[Source data]
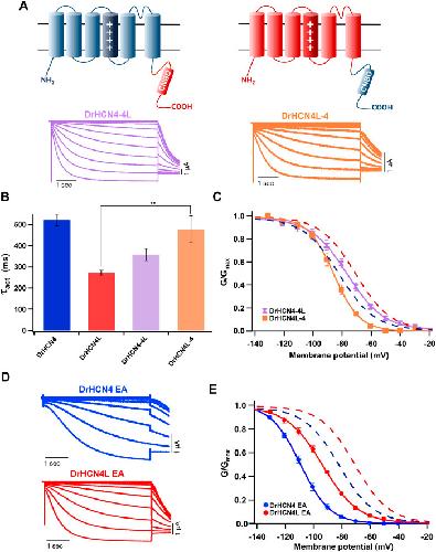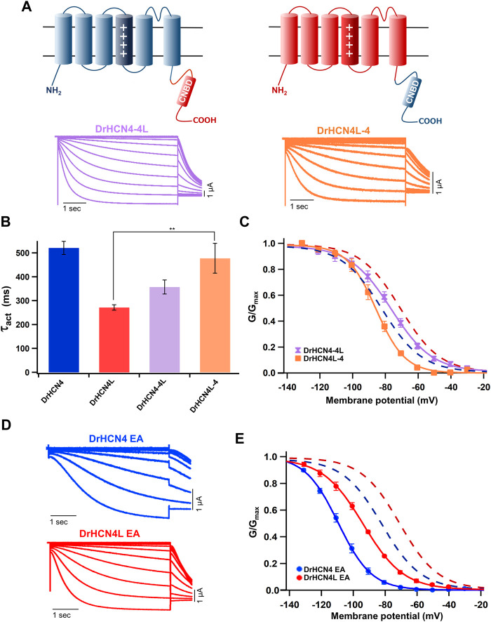 act) at −130 mV of DrHCN4 (blue), DrHCN4L (red), DrHCN4-4L (purple) and DrHCN4L-4 (orange). The currents were fitted with a single exponential. (C) Activation curves of the zebrafish chimeric HCN4 channels (n = 5). The Boltzmann function was used to fit the curves. Blue and red dashed curves are the activation curves of DrHCN4 and DrHCN4L from Figure 1C. (D) Representative current traces of the EA mutants, DrHCN4 EA and DrHCN4L EA. (E) Activation curves of the EA mutant channels (n = 5). The Boltzmann function was used to fit the curves. Blue and red dashed curves are the activation curves of DrHCN4 and DrHCN4L from Figure 1C.
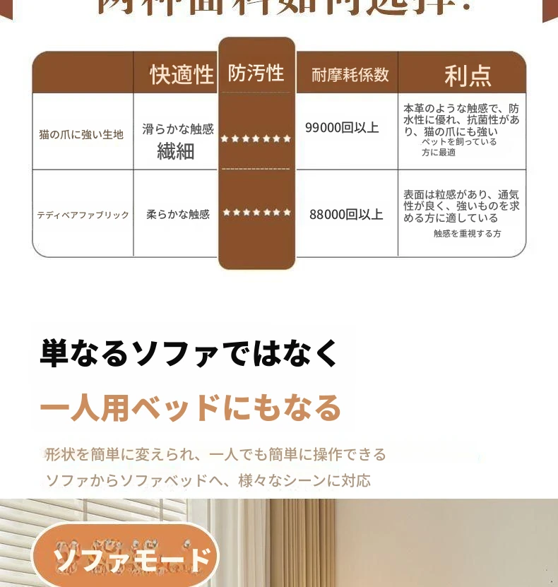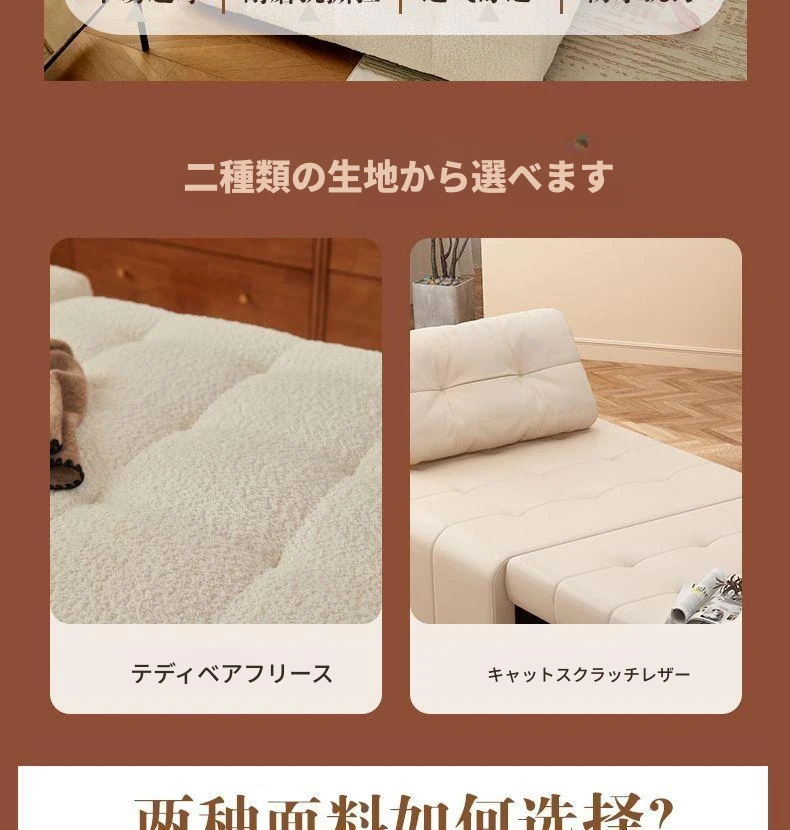 背もたれ可動式【1.05mコーヒー】キャットスクラッチレザー
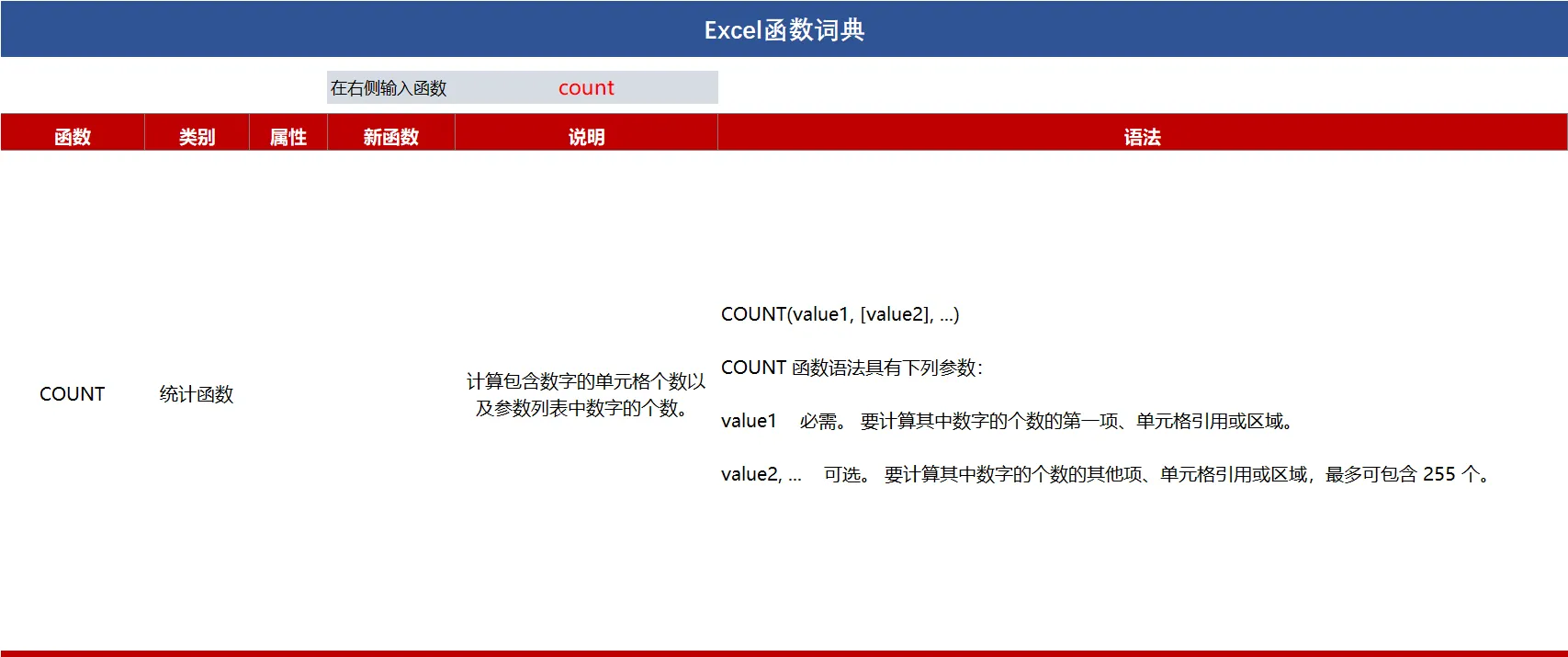 •COUNT函数。用于计算区域中包含数字的单元格的数量。
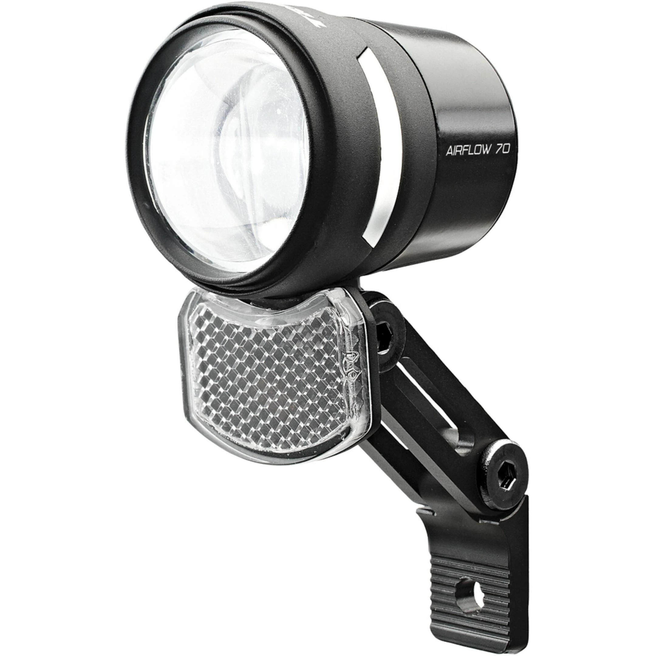 Eclairage avant vélo Trelock LS785 i Airflow 70. Offre un éclairage de 70 lux grâce à la technologie à double lentille. Deux fenêtres dans le boîtier augmentent la visibilité sur le côté et un petit réflecteur amovible permet d’affiner la silhouette.
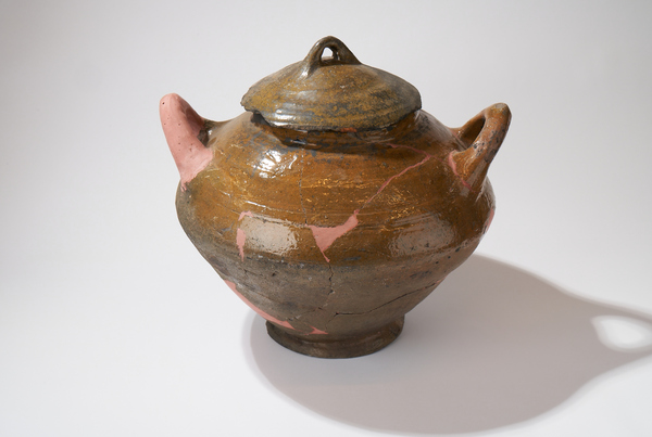 | 5d diversen | matching lid (OK45-45a); the ship went up in flames, therefore the (redware) pottery blackened |
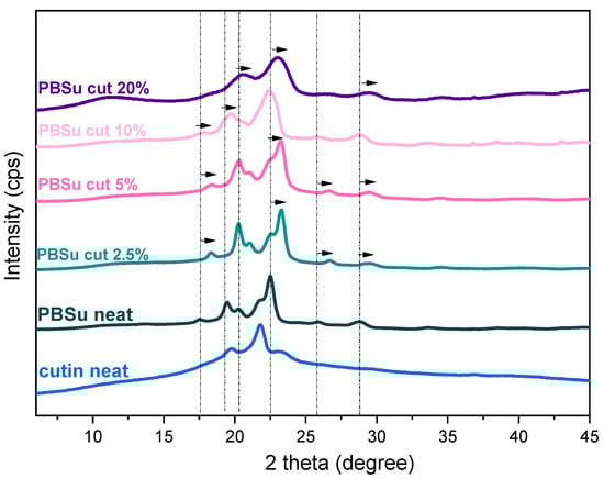 In Figure 5, we present the overall XRD spectra. Both PBSu neat and cutin neat are semi-crystalline. Please note that PBSu is a strongly crystallizable polymer [27,28]. The corresponding main X-ray diffraction peaks for PBSu and cutin are recorded at 20.1, 21.3, and 23.2°, and at 19.7, 21.7, and 23.1°, respectively [29]. These peaks are also observed at PBSu/cutin 2.5 and 5 wt%. The results from materials 10 and more at 20 wt% show a wider curve. Their peaks are shifted to 20 and 22 degrees. Taking a more careful look at Figure 5, we may conclude in the PBSu/cutin copolymers the main diffraction peaks are slightly migrated toward higher 2θ positions, as compared to initial PBSu, which suggests the formation of smaller unit cells [30,31]. Such effect in polymers has been explained, in combination with other techniques (calorimetry, microscopy) to the formation of less dense or/and smaller crystal spherulites [25,27]. Such seems to be the case here as will be seen in the following, by DSC and PLM results. In particular, the result is consistent with DSC measurements according to which, at low concentrations of cutin, a shoulder peak is observed, and their second melting peak no longer exists. XRD measurements for PBSu/cutin 10 and 20 wt% revealed their semicrystalline character, which is supportive to the strong crystallizability of PBSu, despite the copolymerization and the chain length alternations.
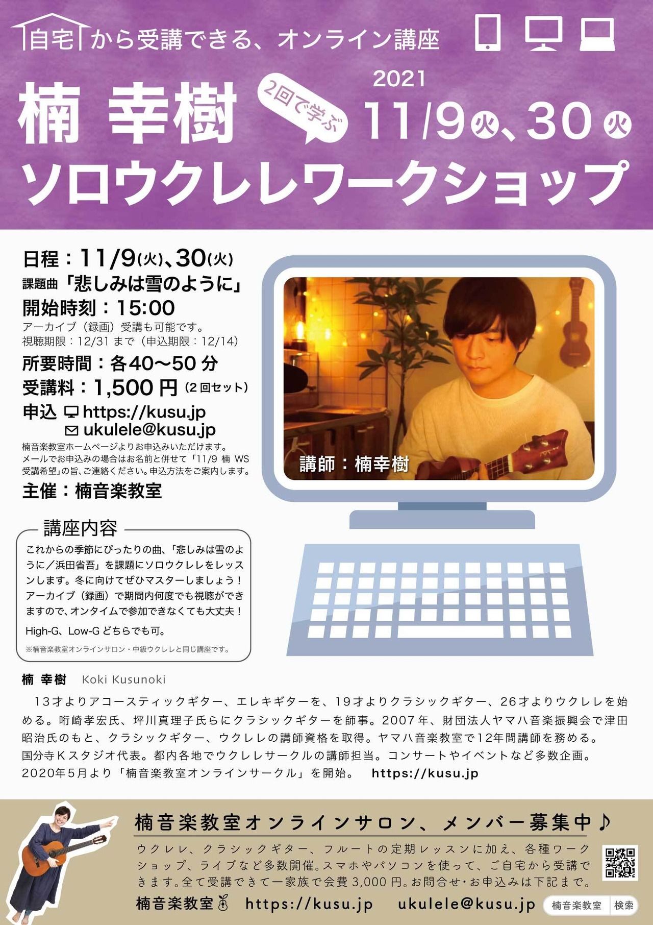 11/9(火)、30(火)「楠幸樹ソロウクレレワークショップ」
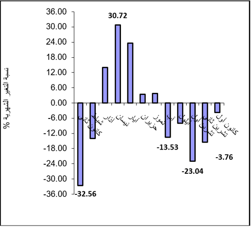 يعود هذا الانخفاض إلى انخفاض أسعار مجموعة المواد الغذائية والمشروبات غير الكحولية بمقدار 1.82%، حيث انخفضت أسعار كل من؛ البطاطا بمقدار 36.64%، والخضروات المجففة بمقدار 27.78%، والخضروات الطازجة بمقدار 15.23%، والسكر بمقدار 10.41%، والدجاج الطازج بمقدار 10.31%، والدقيق الأبيض بمقدار 1.53%.
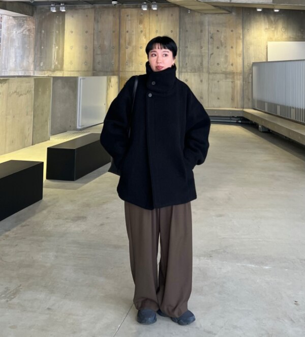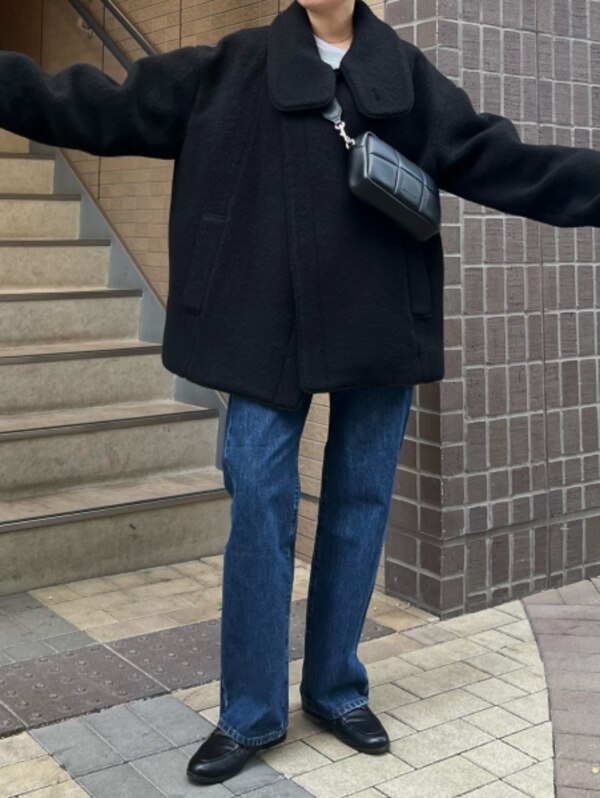 私は162cmで38サイズ購入してます◎ やばい、、、本当にかっわいすぎる!!!! そして思ってた以上に軽くてびっくり。 襟元折っても立たせても可愛くてやばいです...🫠🖤 今年の冬たっくさん着よ〜〜♡
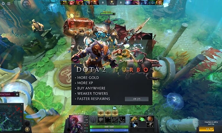 Только All Pick. Из всех режимов настоятельно рекомендую играть именно в него. Почему? Первые 17 часов я играл в Турбо и это очень быстро надоедает и утомляет. Именно количество игр, а также ответственность игроков. Да, побеждать в паблике менее мотивированно, чем в RMM, но все же, 100 часов геймплея проводить за проигрышами с тремя лесниками (а в Турбо каждая третья игра такая и это не шутки) – довольно сложно. Можно поиграть несколько часов в Турбо. И даже возможно, что в первое время все будет нравится, но вот потом это все быстро надоест.

EXERCISE
Every line from the one containing "11/9(火)、30(火)「楠幸樹ソロウクレレワークショップ」" through the end of the entries above is to be copied exactly; pictures are to be left out.

SOLUTION FOR THIS PROBLEM
 11/9(火)、30(火)「楠幸樹ソロウクレレワークショップ」
 يعود هذا الانخفاض إلى انخفاض أسعار مجموعة المواد الغذائية والمشروبات غير الكحولية بمقدار 1.82%، حيث انخفضت أسعار كل من؛ البطاطا بمقدار 36.64%، والخضروات المجففة بمقدار 27.78%، والخضروات الطازجة بمقدار 15.23%، والسكر بمقدار 10.41%، والدجاج الطازج بمقدار 10.31%، والدقيق الأبيض بمقدار 1.53%.
 私は162cmで38サイズ購入してます◎ やばい、、、本当にかっわいすぎる!!!! そして思ってた以上に軽くてびっくり。 襟元折っても立たせても可愛くてやばいです...🫠🖤 今年の冬たっくさん着よ〜〜♡
 Только All Pick. Из всех режимов настоятельно рекомендую играть именно в него. Почему? Первые 17 часов я играл в Турбо и это очень быстро надоедает и утомляет. Именно количество игр, а также ответственность игроков. Да, побеждать в паблике менее мотивированно, чем в RMM, но все же, 100 часов геймплея проводить за проигрышами с тремя лесниками (а в Турбо каждая третья игра такая и это не шутки) – довольно сложно. Можно поиграть несколько часов в Турбо. И даже возможно, что в первое время все будет нравится, но вот потом это все быстро надоест.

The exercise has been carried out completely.